*** Begin section ***

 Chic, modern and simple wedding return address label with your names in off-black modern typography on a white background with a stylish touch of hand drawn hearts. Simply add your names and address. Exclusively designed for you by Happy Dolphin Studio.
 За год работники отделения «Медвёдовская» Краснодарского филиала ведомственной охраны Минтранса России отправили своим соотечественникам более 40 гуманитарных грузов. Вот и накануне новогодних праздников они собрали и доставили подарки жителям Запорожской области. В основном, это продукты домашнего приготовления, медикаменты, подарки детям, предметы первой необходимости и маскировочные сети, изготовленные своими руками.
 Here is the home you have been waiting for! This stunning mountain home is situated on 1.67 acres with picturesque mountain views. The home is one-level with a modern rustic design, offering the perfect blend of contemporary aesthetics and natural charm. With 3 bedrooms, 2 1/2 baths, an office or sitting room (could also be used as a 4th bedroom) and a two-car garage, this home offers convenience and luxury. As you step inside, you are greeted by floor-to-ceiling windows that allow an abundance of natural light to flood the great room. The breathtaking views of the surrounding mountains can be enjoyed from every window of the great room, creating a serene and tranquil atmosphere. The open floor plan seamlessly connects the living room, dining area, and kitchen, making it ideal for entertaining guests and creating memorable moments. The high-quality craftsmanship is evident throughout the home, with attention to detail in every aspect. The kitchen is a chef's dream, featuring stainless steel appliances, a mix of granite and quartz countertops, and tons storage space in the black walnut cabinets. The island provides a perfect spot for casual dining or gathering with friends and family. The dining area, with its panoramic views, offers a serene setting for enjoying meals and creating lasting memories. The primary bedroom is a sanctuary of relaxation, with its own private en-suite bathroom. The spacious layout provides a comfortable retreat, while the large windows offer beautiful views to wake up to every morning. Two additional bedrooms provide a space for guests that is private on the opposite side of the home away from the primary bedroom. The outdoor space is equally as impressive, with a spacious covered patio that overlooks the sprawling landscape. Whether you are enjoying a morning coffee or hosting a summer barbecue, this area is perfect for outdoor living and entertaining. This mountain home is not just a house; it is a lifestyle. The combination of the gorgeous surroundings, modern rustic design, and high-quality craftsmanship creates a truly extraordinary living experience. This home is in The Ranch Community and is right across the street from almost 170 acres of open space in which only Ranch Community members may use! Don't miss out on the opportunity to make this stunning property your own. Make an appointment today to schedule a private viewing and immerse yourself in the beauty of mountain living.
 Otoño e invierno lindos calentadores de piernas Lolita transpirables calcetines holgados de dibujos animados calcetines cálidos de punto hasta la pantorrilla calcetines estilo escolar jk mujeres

*** End section ***
*** Begin section ***

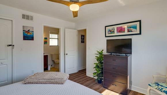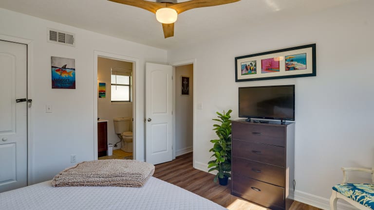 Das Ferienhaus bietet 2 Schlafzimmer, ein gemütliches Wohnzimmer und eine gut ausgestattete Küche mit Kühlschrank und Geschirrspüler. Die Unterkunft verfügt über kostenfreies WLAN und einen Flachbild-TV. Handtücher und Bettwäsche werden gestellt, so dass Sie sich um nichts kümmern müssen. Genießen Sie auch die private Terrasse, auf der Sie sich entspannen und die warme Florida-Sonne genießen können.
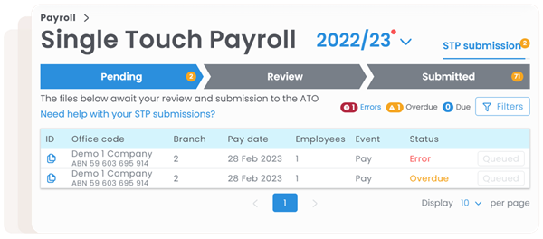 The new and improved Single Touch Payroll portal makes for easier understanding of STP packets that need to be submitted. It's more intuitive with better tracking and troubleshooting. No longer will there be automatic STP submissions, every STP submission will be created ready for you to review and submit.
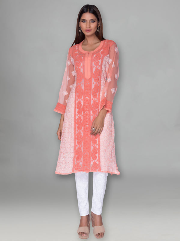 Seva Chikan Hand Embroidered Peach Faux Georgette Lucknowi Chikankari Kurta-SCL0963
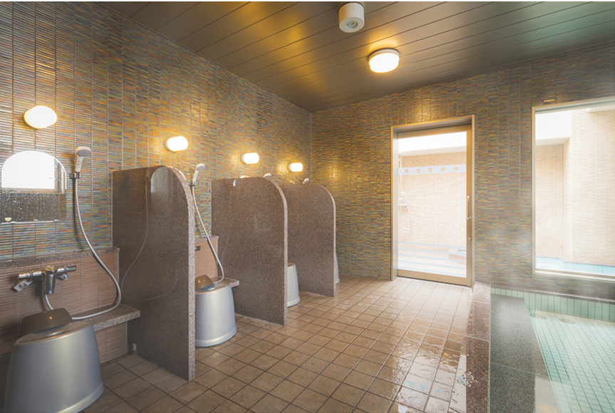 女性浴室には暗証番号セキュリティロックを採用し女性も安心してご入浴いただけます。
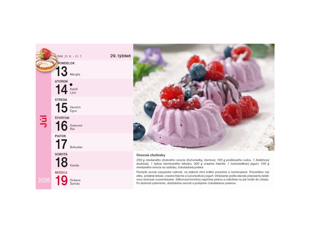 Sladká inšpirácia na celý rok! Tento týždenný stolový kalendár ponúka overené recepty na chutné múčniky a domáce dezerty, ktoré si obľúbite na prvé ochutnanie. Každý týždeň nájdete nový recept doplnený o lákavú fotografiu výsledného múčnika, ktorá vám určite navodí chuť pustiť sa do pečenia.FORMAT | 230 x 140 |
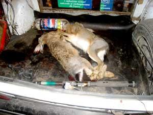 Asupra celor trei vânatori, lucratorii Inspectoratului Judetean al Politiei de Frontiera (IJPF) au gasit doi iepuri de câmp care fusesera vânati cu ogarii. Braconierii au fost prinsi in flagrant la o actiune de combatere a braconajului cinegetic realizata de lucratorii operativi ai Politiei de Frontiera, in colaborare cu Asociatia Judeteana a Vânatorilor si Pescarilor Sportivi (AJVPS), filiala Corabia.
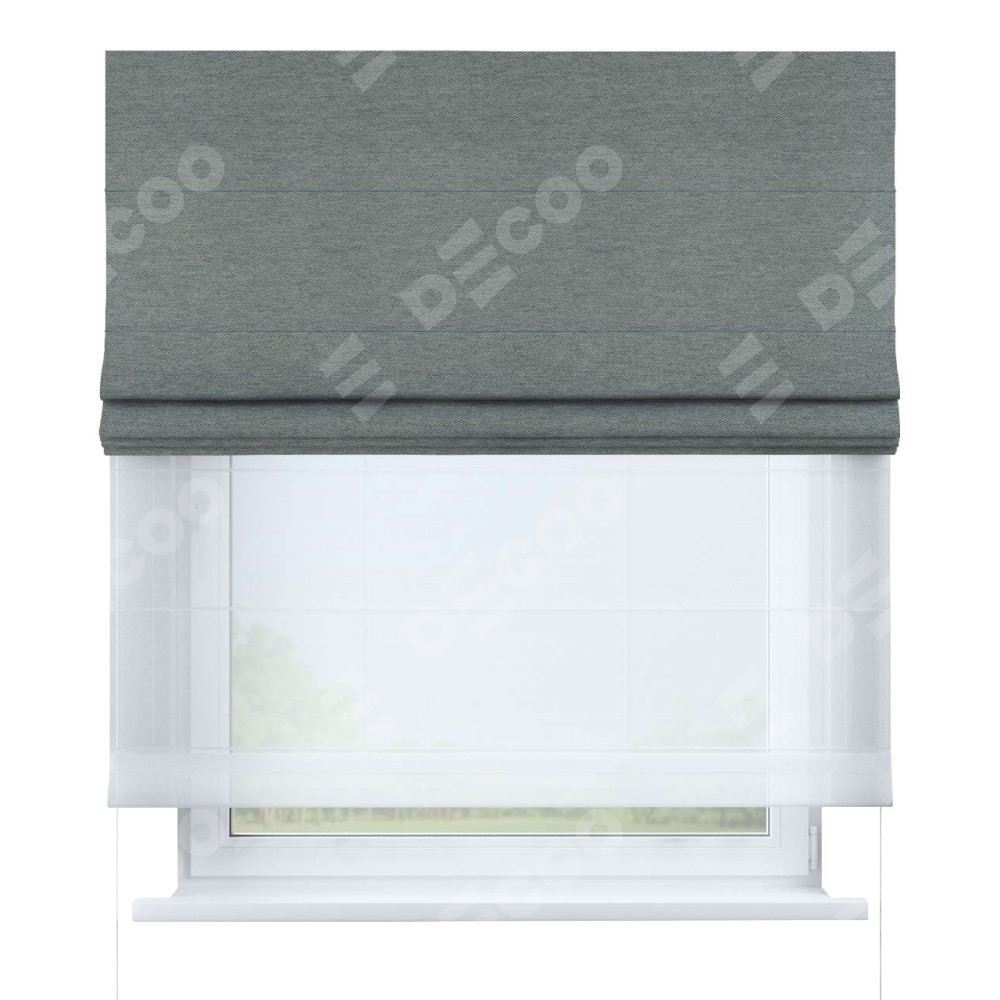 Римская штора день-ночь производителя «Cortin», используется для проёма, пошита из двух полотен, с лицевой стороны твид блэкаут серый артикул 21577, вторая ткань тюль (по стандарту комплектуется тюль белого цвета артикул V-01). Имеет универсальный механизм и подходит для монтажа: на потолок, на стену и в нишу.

*** End section ***

The response must hold only the lines above from the line with "Chic, modern and" through the line with "За год работники", each copied exactly, both ends kept.

 Chic, modern and simple wedding return address label with your names in off-black modern typography on a white background with a stylish touch of hand drawn hearts. Simply add your names and address. Exclusively designed for you by Happy Dolphin Studio.
 За год работники отделения «Медвёдовская» Краснодарского филиала ведомственной охраны Минтранса России отправили своим соотечественникам более 40 гуманитарных грузов. Вот и накануне новогодних праздников они собрали и доставили подарки жителям Запорожской области. В основном, это продукты домашнего приготовления, медикаменты, подарки детям, предметы первой необходимости и маскировочные сети, изготовленные своими руками.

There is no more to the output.